In the conventional technique, the invalidation type protocol is widely used because it can be implemented easily. In the case where the invalidation type protocol is applied to the common region, however, performance degradation due to mutual invalidation appears remarkably. This is another problem.
This problem is caused by the following phenomenon. A plurality of processors conduct writing into the common region. As a result, data invalidation is conducted mutually. Resultant frequent access to the lower order hierarchy memory causes the above described performance degradation.
In the conventional technique, such a reference form to the common region that access to the same region is repeated is disregarded, and the invalidation type protocol is used for both the common region and the dedicated regions. This results in a problem that performance degradation is caused by mutual invalidation in the common region.
An object of the present invention is to provide a method of dynamically conducting specification of the dedicated regions and the common region, and thereby always conduct optimum cache coherency control to solve the problems caused by fixed regional division in the conventional technique.
Another object of the present invention is to solve the problems concerning the mutual invalidation in the conventional technique by using an optimum control system to the common region.
A representative mode of the present invention has the following configuration.
In a data processing system including a plurality of cache memories, such as a data processing system including a plurality of processors each having a cache memory, a cache history manager connected to respective caches and a coherency manager for conducting coherency control of respective caches are provided.

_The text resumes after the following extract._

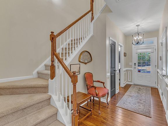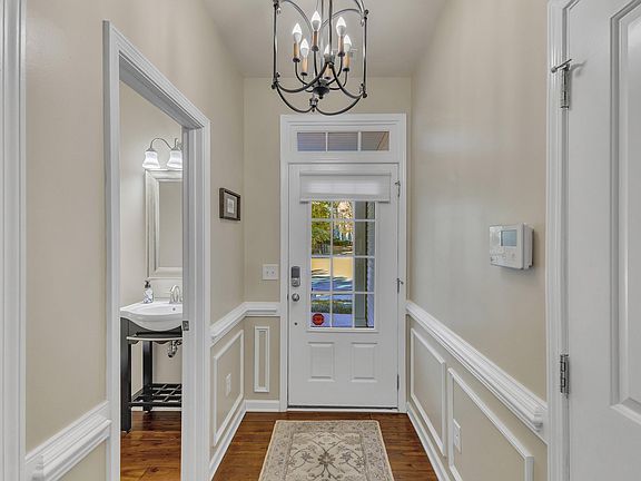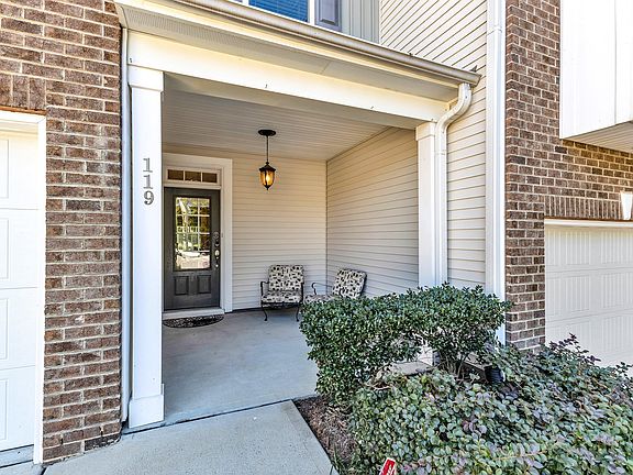 Eclectically charming townhome located in the coveted community of Stonewater in West Cary! This 3 bedroom 2.5 bathroom West-Facing townhome sits on a cul-de-sac lot with the perfect view of greenery. 1st floor boasts 9 foot ceilings, espresso stained engineered hardwood flooring, open concept kitchen with white cabinets, stainless steel appliances, gas range, granite countertops, expansive kitchen island and walk in pantry. Entertain guests in the cozy ornate trimmed living area and relax on the screened porch. At times, you can hear the gentle waterfall from the nearby creek while sitting in the screened rear porch. Head up stairs to find 3 bedrooms and 2nd floor laundry room. Primary bedroom is oversized with large walk in closet and plenty of space in the primary bathroom. Take the edge off in the expansive tub and enjoy your own sink with the dual vanity. Single car garage has good space for your vehicle and bonus storage with built-in shelves. The community of Stonewater features a private community pool, nearby walking trails, playground and is within a few minutes drive to RTP. This prime location makes this townhome THE one you have been looking for!

Each cache includes a cache data array and a cache directory. In the cache directory, line (or block or the like) status information is stored.
In response to a cache access request, a cache outputs a cache access request and cache status information to the cache history manager. Thereupon, the cache history manager generates new cache status information of a line accessed by the input from the cache, returns the new cache status information to the cache, judges an attribute (a dedicated region or a common region) of the line on the basis of the generated cache status information, and delivers the attribute of the judgment result to the coherency manager.
The attribute is judged to be the common region, only in the case where a line shared by a plurality of L2 caches in the past is canceled once by the invalidation type protocol and then accessed again. Otherwise, the attribute is judged to a dedicated region.
In the case where the attribute is a common region, the coherency manager uses an update type protocol or a store-through protocol. In the case where the attribute is a dedicated region, the coherency manager uses an invalidation type protocol or a store-in protocol.
Other modes of the present invention are made clear in description of preferred embodiments.